On December 21, 2015, the U.S. Department of Justice notified the criminal defendants in this case that some of the evidence the government intended to use against them came from a FISA warrantless wiretap, pursuant to Sec. 702 of the FISA Amendment Acts of 2008. This notice allows criminal defendants to challenge the constitutionality of the government's surveillance techniques. All cases challenging this provision are available in the Foreign Targeting (702, 703, 704) special collection.

On July 6, 2016, Yahya Mohammad was indicted in another case (3:16-cr-00222) in the U.S. District Court of the Northern District of Ohio for attempted first degree murder of a federal officer, solicitation to commit a crime of violence, and use of interstate commerce facilities in the commission of a murder-for-hire. While Yahya Mohammad was detained and housed at the Lucas County Corrections Center in Toledo, Ohio, pending resolution of this case, he had told another inmate that he wanted to hire someone to kill Judge Zouhary. The inmate reported Mohammad to the FBI and introduced Mohammad to an FBI undercover employee, who posed as someone willing to kill Judge Zouhary for money.

On July 12, 2016, Judge Zouhary ordered recusal of himself from the case due to Yahya Mohammad's attempt to murder him. Chief Judge Solomon Oliver of the U.S. District Court of the Northern District of Ohio had requested that Chief Judge Guy Cole of the Sixth Circuit Court of Appeals appoint an out-of-district judge to hear both cases due to their close relation with each other. The cases were transferred to Chief Judge Edmund A. Sargus, Jr. from the Southern District of Ohio.

On September 30, 2016, the defendants filed a motion for disclosure of FISA-related materials and to suppress the fruits or derivatives obtained from warrantless surveillance under Section 702 of FISA.

On November 18, 2016, the government filed an ex parte in camera motion for a protective order pursuant to Section 4 of the Classified Information Procedures Act and Rule 16(d)(1) of the Federal Rules of Criminal Procedure. The government filed a supplemental motion on February 16, 2018. Both motions were submitted under seal with the Classified Information Security Officer.

On July 18, 2017, Chief Judge Cole of the Sixth Circuit reassigned Yahya Mohammad's three co-defendants, Ibrahim Mohammad, Asif Salim, and Sultane Salim, to District Judge Jeffrey J. Helmick.

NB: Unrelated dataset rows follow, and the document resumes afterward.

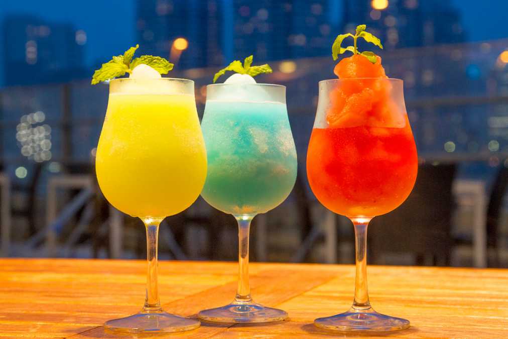 アルコールメニューを提供しているのが他のアース カフェにはない特徴。写真のフローズンカクテルは、左からヴェルデ(メロンリキュール+カルピス)、アズール(ブルーキュラソー+カルピス)、フレッサ(ストロベリーダイキリ)で各918円。テラスで夜景を眺めながら乾杯なんて最高です。
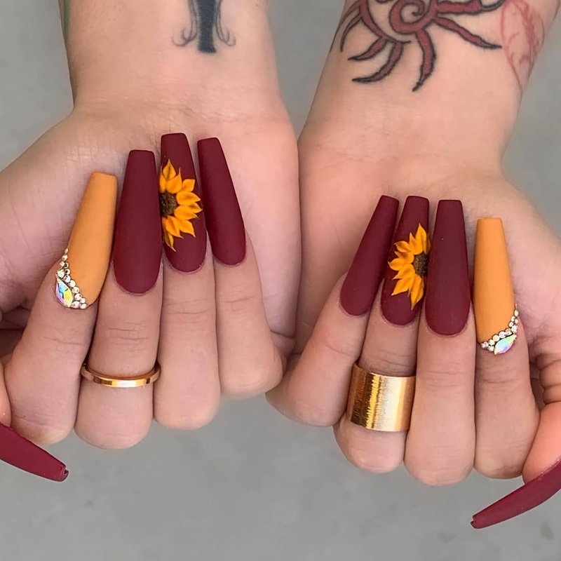 Самый популярный маникюр с кленовыми листьями
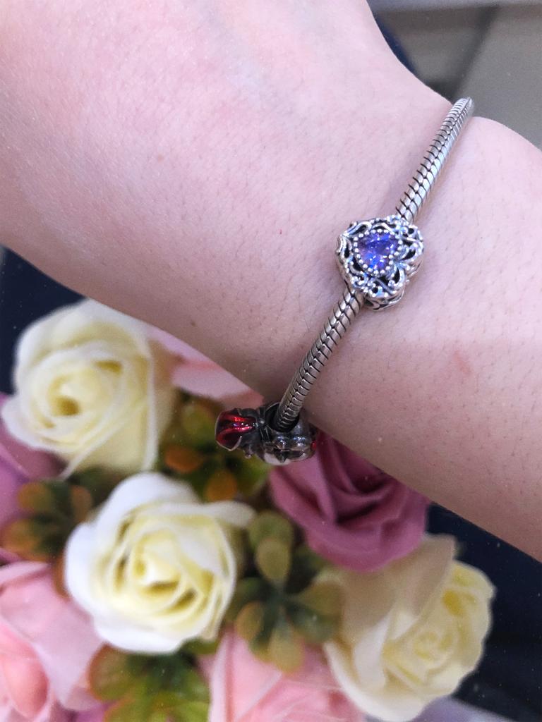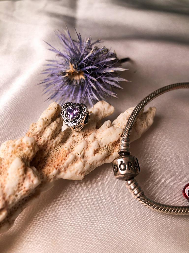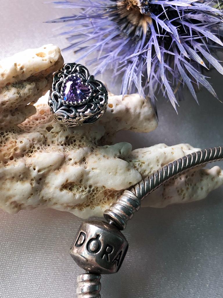 WOSTU Elegant Retro Pattern Purple Zircon Heart Shape 925 Sterling Silver Charm Pendant Beads fit Original Bracelet Bangle DIY Fine Jewelry

However, Judge Sargas was to continue hearing the cases in regard to Yahya Mohammad.

On November 8, 2017, after Yahya Mohammad pled guilty to one count of providing material support to terrorists in this case (count 1) and one count of solicitation to commit a crime of violence (against Judge Zouhary) in case 3:16-cr-222 (count 2), Judge Sargus sentenced Mohammad to 180 months (minus time served) for count 1 and 240 months for count 2, with 90 of those months to run concurrently with count 1. The remaining 150 months were to run consecutively with count 1 for a total of 330 months; 10 years supervised released; and a $200 special assessment fee. No fines or restitution were imposed.

On March 20, 2018, Judge Helmick granted the government's motion for a protective order (originally filed on November 18, 2016) under Section 4 of the Classified Information Procedure's Act (CIPA). Judge Helmick denied the defendants' motions to suppress evidence obtained from a warrantless surveillance under Section 702 of FISA, to suppress fruits or derivatives of electronic surveillance, to compel discovery, and for disclosure related to FISA amendments. He noted that he had provided classified versions of his opinion to the Classified Information Security Officer for service to the relevant agencies for classification review.

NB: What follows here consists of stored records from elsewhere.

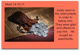 The New Testament Book of Mark records this moral predicament of Judas; then Judas Iscariot, one of the Twelve, went to the chief priests to betray Jesus to them. They were delighted to hear this and promised to give him money. So he watched for an opportunity to hand him over (Mark 14:10-11).
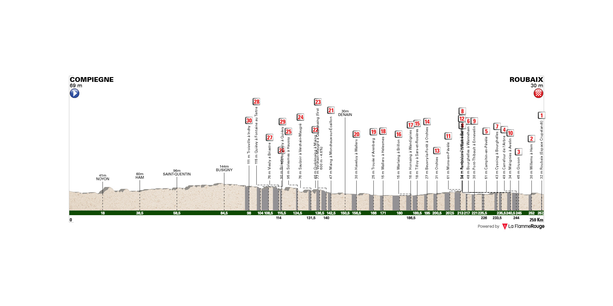 Empieza el 12-04-2026 en Compiègne y termina en Roubaix.
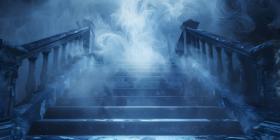Spooky staircase with fog and a glowing ghostly apparition background - Ai Generated
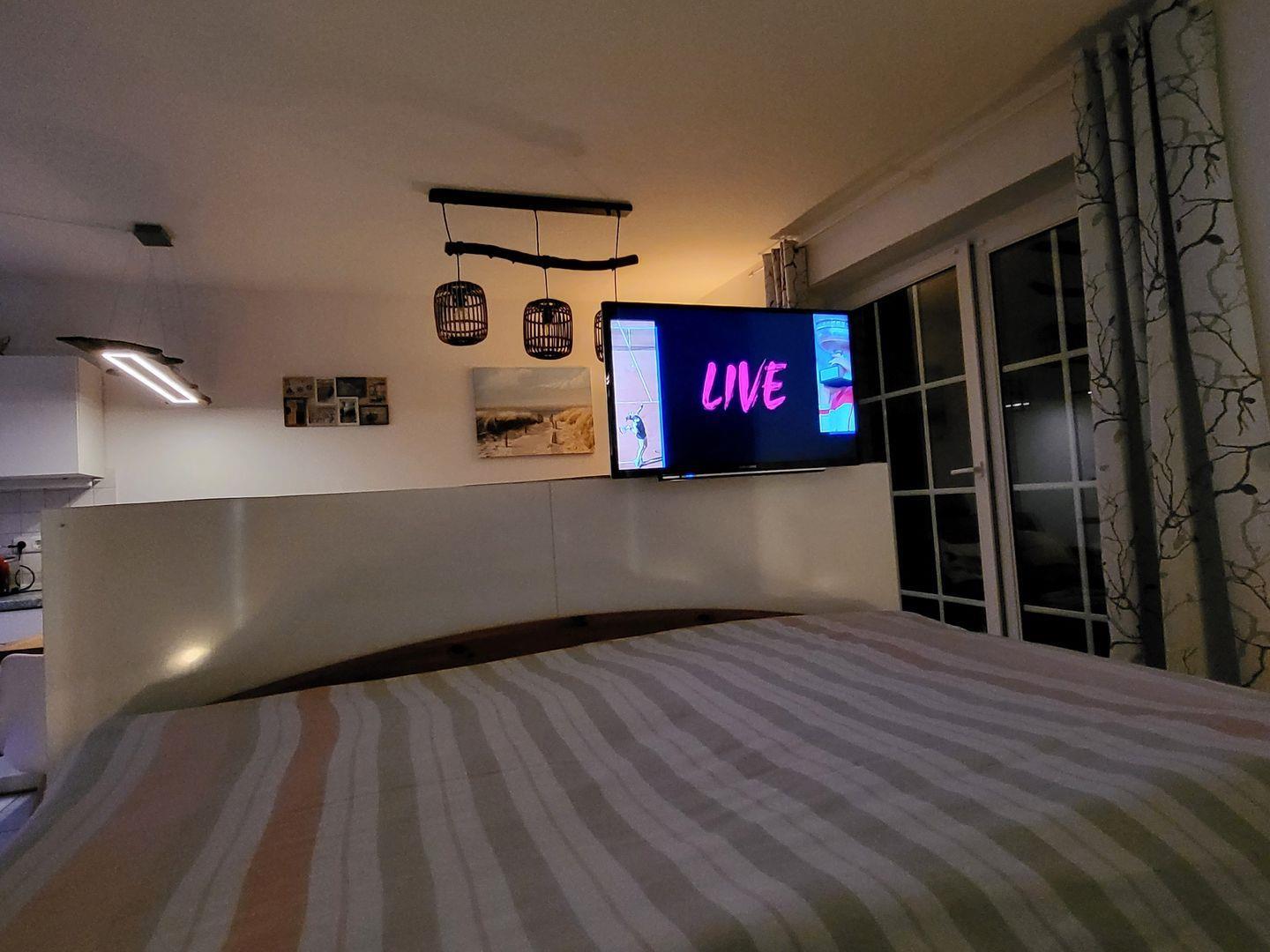 Der Fernseher lässt sich sowohl zu Couch, als auch zum Bett drehen.

On September 11, 2018, an unclassified version of Judge Helmick's opinion on the government's classified, ex parte, in camera motion for a protective order was released. 339 F.Supp.3d 724. Although even the unclassified version of the opinion is heavily redacted, it shows Judge Helmick finding that the defendants' objections to an ex parte, in camera review of the government's Section 4 filing without merit because none of the government's surveillance had been deemed unlawful. He further noted that nothing he had seen in his review of the classified documents in this case suggested that the government was using CIPA to conceal unlawful surveillance techniques. Furthermore, although he acknowledged that he was "not in an optimal position to act as surrogate defense counsel," Judge Helmick maintained that he had sufficient knowledge of the case and the defendants' theories of the case to determine whether the government's Section 4 filings discussed information that would be relevant and helpful to the defense.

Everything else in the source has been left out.